Can you confirm this is a task that is going to take 5 minutes, and require its own thread that whole time? This is a performance concern in itself, you will only be able to support a limited number of such requests if each requires its own thread for so long. Only if thats acceptable would I let the task camp a thread for so long.
If its ok for these tasks to camp a thread, then I'd just go ahead and store the result in a dictionary global to the process. The key of the dictionary would correlate to the client request / AJAX callback series. The key should incorporate the user ID as well if security is at all important.
If you need to scale up to many users, then I think you need to break the task down into asynchronous steps, and in that case I'd probably use a DB table to store the results (again keyed per request / user).
Microsoft Message Queuing was built for scenarios like the one you try to solve:
http://www.microsoft.com/windowsserver2003/technologies/msmq/default.mspx
Windows Communicatio Foundation also has message queuing support.
Hope this helps.
Thomas
One approach for doing this is to use application state. When you spawn a worker thread, pass it a request ID that you generate, and return this to the client. The client will then pass that request ID back to the server in its AJAX calls. The server will then fetch the status using the request ID from application state. (The worker thread would be updating the application state based on its status).
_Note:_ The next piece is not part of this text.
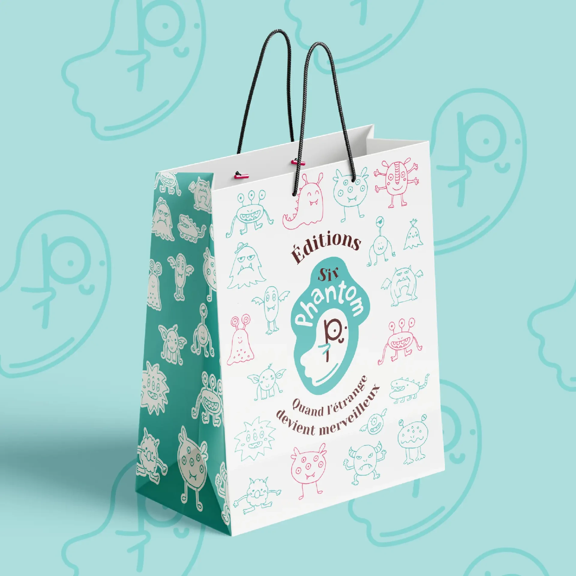 La direction artistique s’oriente vers un univers ludique et expressif. Le “p” de Phatom est détourné pour devenir le monocle du fantôme, apportant caractère et humour à l’identité.

I saw an approach to a similar problem somewhere. The solution was something like:
Start the background task on server.Return immediately with a url to the result.
Until the result is posted, this url will return 404.
The client checks periodically for this url.
The client reads the results when
they are finally posted.
The url will be something like http://mysite/myresults/cffc6c30-d1c2-11dd-ad8b-0800200c9a66.
The best document format is probably JSON.
If feedback on progress is important, modify the document to also contain status (inprogress/finish) and progress (42 %).